EXERCISE: Transcribe the records below in their entirety, and leave out each image.

□ □ □

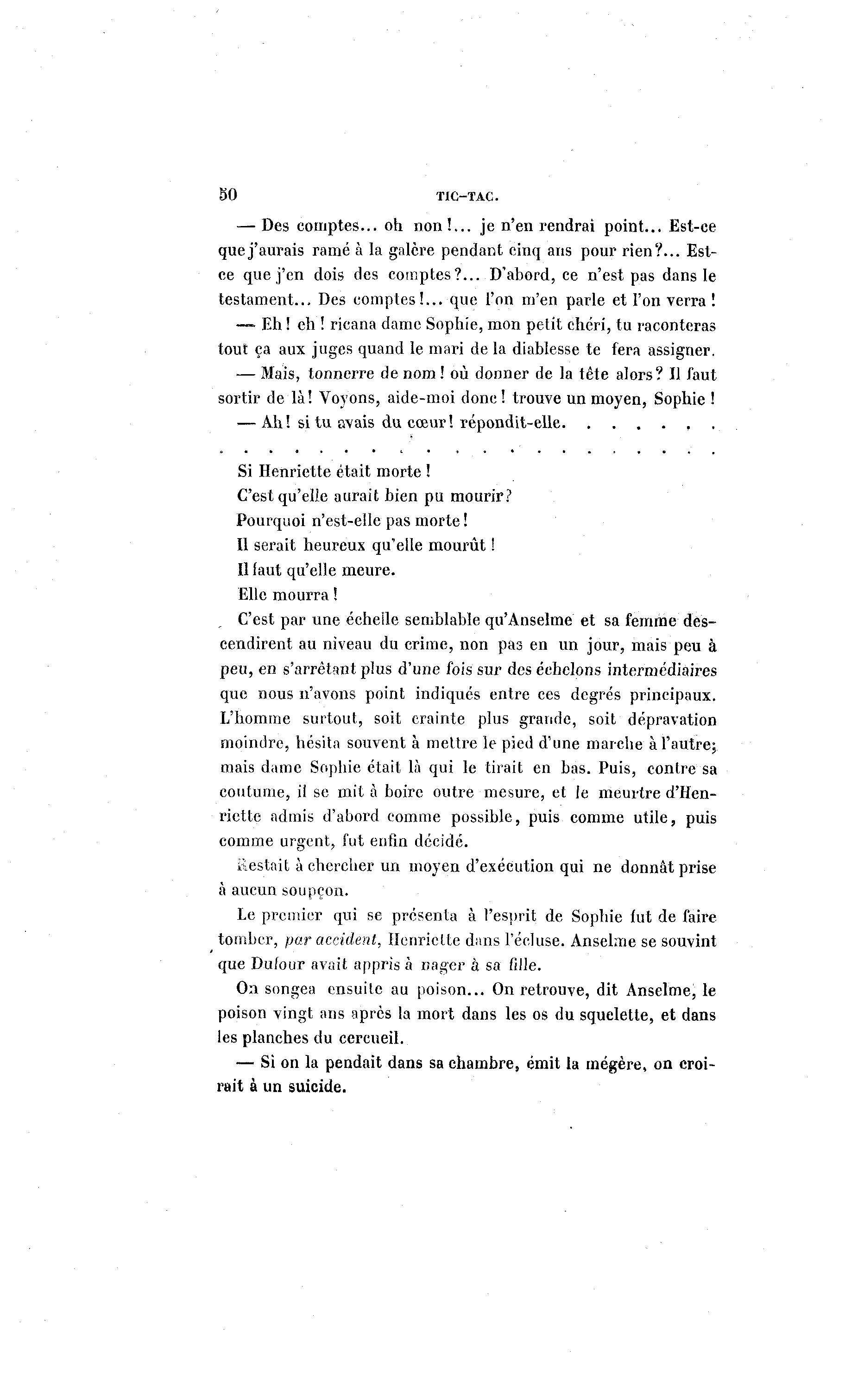 50 TIC-TAC. — Des comptes... oh n o n ! . . . je n'en rendrai point... Est-ce que j'aurais ramé à la galère pendant cinq ans pour rien?... Est- ce que j'en dois des comptes?... D'abord, ce n'est pas dans le testament... Des comptes!... que l'on m'en parle et l'on verra ! — Eh ! eh ! ricana dame Sophie, mon petit chéri, tu raconteras tout ça aux juges quand le mari de la diablesse te fera assigner. — Mais, tonnerre de nom ! où donner de la tête alors? Il faut sortir de là ! Voyons, aide-moi donc! trouve un moyen, Sophie ! — Ah ! si tu avais du cœur ! répondit-elle , . Si Henriette était morte ! C'est qu'elle aurait bien pu mourir? Pourquoi n'est-elle pas morte ! Il serait heureux qu'elle mourût ! Il laut qu'elle meure. Elle mourra ! C'est par une échelle semblable qu'Anselme et sa femme des- cendirent au niveau du crime, non pas en un jour, mais peu à peu, en s'arrêtant plus d'une fois sur des échelons intermédiaires que nous n'avons point indiqués entre ces degrés principaux. L'homme surtout, soit crainte plus grande, soit dépravation moindre, hésita souvent à mettre le pied d'une marche à l'autre; mais dame Sophie était là qui le tirait en bas. Puis, contre sa coutume, il se mit à boire outre mesure, et Je meurtre d'Hen- riette admis d'abord comme possible, puis comme utile, puis comme urgent, fut enfin décidé. Restait à chercher un moyen d'exécution qui ne donnât prise à aucun soupçon. Le premier qui se présenta à l'esprit de Sophie fut de faire tomber, par accident, Henriette dans l'écluse. Anselme se souvint que Dufour avait appris à nager à sa fille. On songea ensuite au poison... On retrouve, dit Anselme, le poison vingt ans après la mort dans les os du squelette, et dans les planches du cercueil. — Si on la pendait dans sa chambre, émit la mégère, on croi- rait à un suicide.
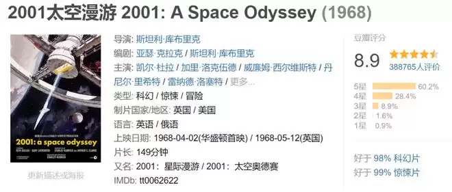 有的电影,你当年看会觉得惊为天人,比如《2001太空漫游》。1968年啊我的天,我们还在背朝黄土面朝天上山下乡,大洋彼岸的人家已经遨游太空,探讨AI自主意识,寻找物种起源了,牛成什么样了?可你放在今天,以当下的眼光把它当做一部新片去看,那种震撼感就会打折扣。
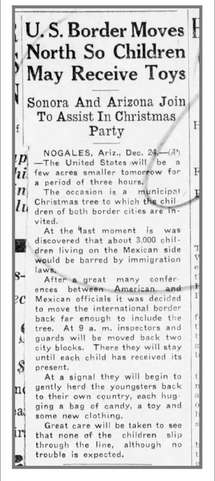 Small Group Discussion: Share what you noticed about the poem with a small group. How would you describe the events in “Christmas on the Border, 1929”? Based on the details you just shared with your group, how does this poem compare to the resources from the beginning of class? What do you make of the lines, “For a few transcendent hours, / the border moved” and “[...] for one day, there was no border”?
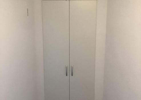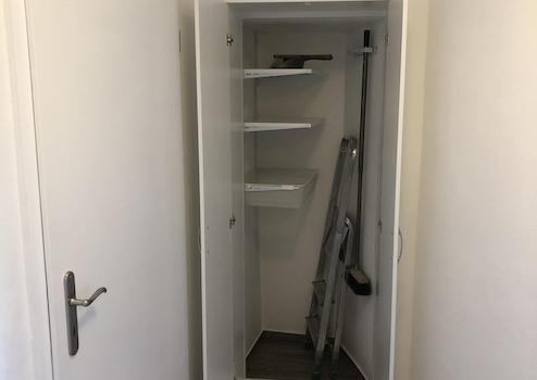 Der Flur verfügt über einen kleinen Einbauschrank für Staubsauger und Hausbedarf.
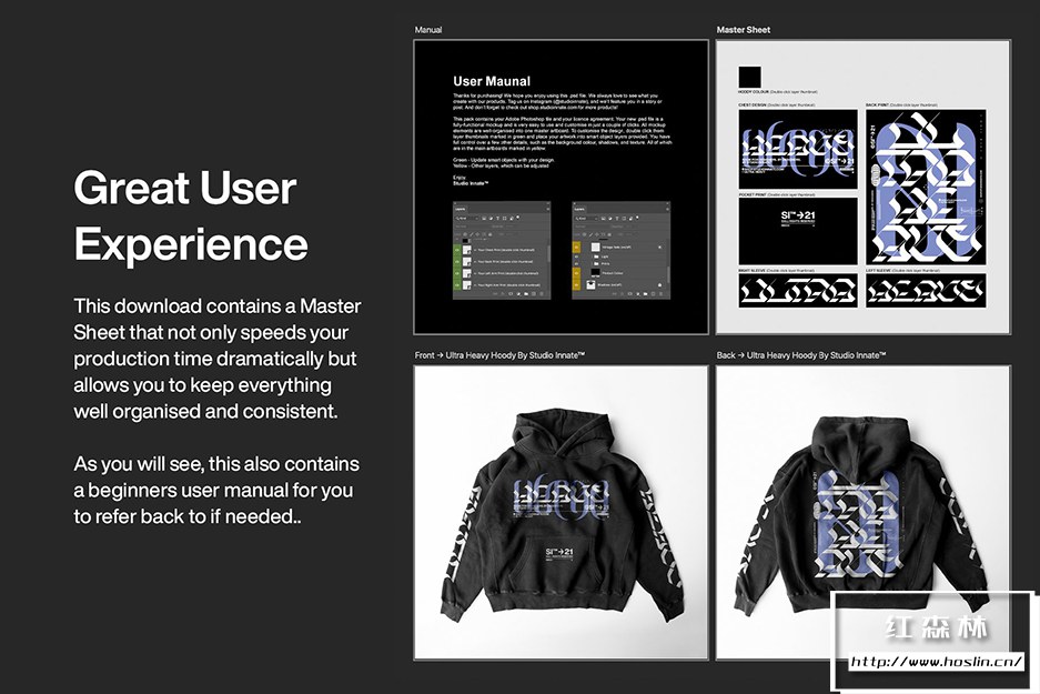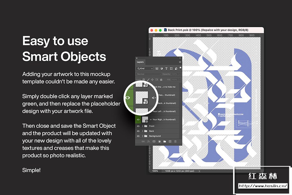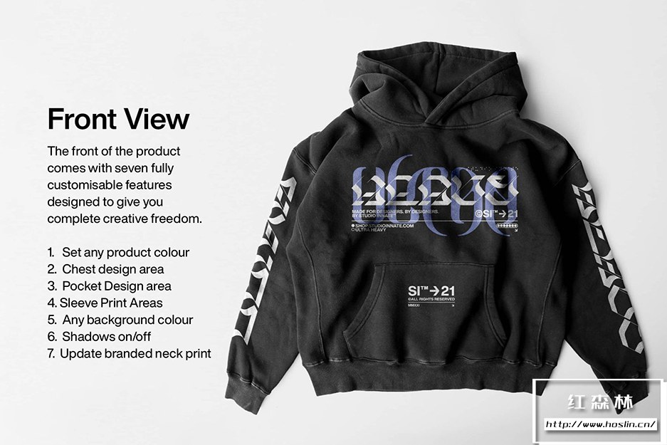 Ultra Heavy Hoodie 包含一个完全可定制的 Adobe Photoshop 模型。通过更新图层面板中以绿色清楚标记的每个智能对象中的内容,轻松应用您的设计或徽标。每个智能对象都已设置为与织物一起变形并继承织物纹理和折痕。您还可以使用颜色选择器将背景和产品颜色更改为您喜欢的任何颜色。

□ □ □

EXERCISE RESULT:
 50 TIC-TAC. — Des comptes... oh n o n ! . . . je n'en rendrai point... Est-ce que j'aurais ramé à la galère pendant cinq ans pour rien?... Est- ce que j'en dois des comptes?... D'abord, ce n'est pas dans le testament... Des comptes!... que l'on m'en parle et l'on verra ! — Eh ! eh ! ricana dame Sophie, mon petit chéri, tu raconteras tout ça aux juges quand le mari de la diablesse te fera assigner. — Mais, tonnerre de nom ! où donner de la tête alors? Il faut sortir de là ! Voyons, aide-moi donc! trouve un moyen, Sophie ! — Ah ! si tu avais du cœur ! répondit-elle , . Si Henriette était morte ! C'est qu'elle aurait bien pu mourir? Pourquoi n'est-elle pas morte ! Il serait heureux qu'elle mourût ! Il laut qu'elle meure. Elle mourra ! C'est par une échelle semblable qu'Anselme et sa femme des- cendirent au niveau du crime, non pas en un jour, mais peu à peu, en s'arrêtant plus d'une fois sur des échelons intermédiaires que nous n'avons point indiqués entre ces degrés principaux. L'homme surtout, soit crainte plus grande, soit dépravation moindre, hésita souvent à mettre le pied d'une marche à l'autre; mais dame Sophie était là qui le tirait en bas. Puis, contre sa coutume, il se mit à boire outre mesure, et Je meurtre d'Hen- riette admis d'abord comme possible, puis comme utile, puis comme urgent, fut enfin décidé. Restait à chercher un moyen d'exécution qui ne donnât prise à aucun soupçon. Le premier qui se présenta à l'esprit de Sophie fut de faire tomber, par accident, Henriette dans l'écluse. Anselme se souvint que Dufour avait appris à nager à sa fille. On songea ensuite au poison... On retrouve, dit Anselme, le poison vingt ans après la mort dans les os du squelette, et dans les planches du cercueil. — Si on la pendait dans sa chambre, émit la mégère, on croi- rait à un suicide.
 有的电影,你当年看会觉得惊为天人,比如《2001太空漫游》。1968年啊我的天,我们还在背朝黄土面朝天上山下乡,大洋彼岸的人家已经遨游太空,探讨AI自主意识,寻找物种起源了,牛成什么样了?可你放在今天,以当下的眼光把它当做一部新片去看,那种震撼感就会打折扣。
 Small Group Discussion: Share what you noticed about the poem with a small group. How would you describe the events in “Christmas on the Border, 1929”? Based on the details you just shared with your group, how does this poem compare to the resources from the beginning of class? What do you make of the lines, “For a few transcendent hours, / the border moved” and “[...] for one day, there was no border”?
 Der Flur verfügt über einen kleinen Einbauschrank für Staubsauger und Hausbedarf.
 Ultra Heavy Hoodie 包含一个完全可定制的 Adobe Photoshop 模型。通过更新图层面板中以绿色清楚标记的每个智能对象中的内容,轻松应用您的设计或徽标。每个智能对象都已设置为与织物一起变形并继承织物纹理和折痕。您还可以使用颜色选择器将背景和产品颜色更改为您喜欢的任何颜色。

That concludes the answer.